What you return must be an exact copy of the lines in the listing below between the line holding "Detalles del producto🗃️🗂️📋Bandejas" and the line holding "کتری برقی WMF", inclusive, and nothing more.

▶ Provided data:
....

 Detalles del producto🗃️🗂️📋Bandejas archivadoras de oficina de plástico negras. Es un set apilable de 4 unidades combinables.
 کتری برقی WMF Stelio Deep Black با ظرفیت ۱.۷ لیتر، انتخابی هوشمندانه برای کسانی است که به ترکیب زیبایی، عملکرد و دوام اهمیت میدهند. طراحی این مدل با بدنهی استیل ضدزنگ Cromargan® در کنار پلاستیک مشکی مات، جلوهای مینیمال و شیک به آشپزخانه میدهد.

....

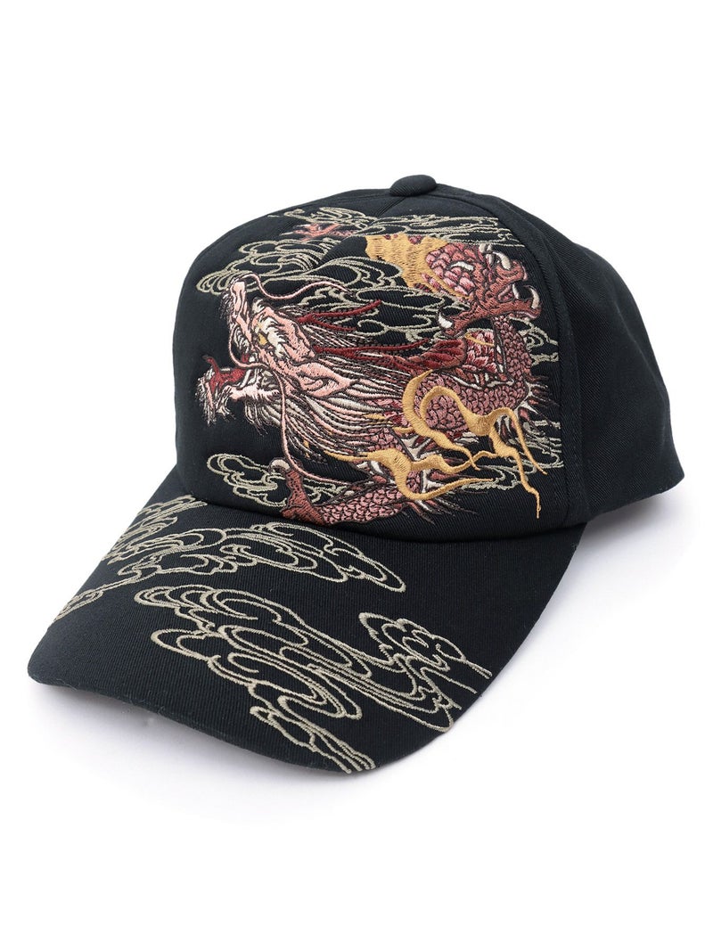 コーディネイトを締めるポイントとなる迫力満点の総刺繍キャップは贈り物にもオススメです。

....

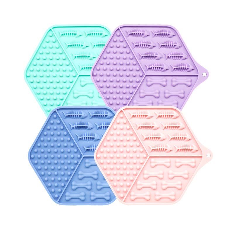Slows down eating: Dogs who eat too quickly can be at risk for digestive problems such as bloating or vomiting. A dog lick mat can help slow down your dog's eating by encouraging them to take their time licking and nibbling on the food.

....

▶ Reply to the task:
 Detalles del producto🗃️🗂️📋Bandejas archivadoras de oficina de plástico negras. Es un set apilable de 4 unidades combinables.
 کتری برقی WMF Stelio Deep Black با ظرفیت ۱.۷ لیتر، انتخابی هوشمندانه برای کسانی است که به ترکیب زیبایی، عملکرد و دوام اهمیت میدهند. طراحی این مدل با بدنهی استیل ضدزنگ Cromargan® در کنار پلاستیک مشکی مات، جلوهای مینیمال و شیک به آشپزخانه میدهد.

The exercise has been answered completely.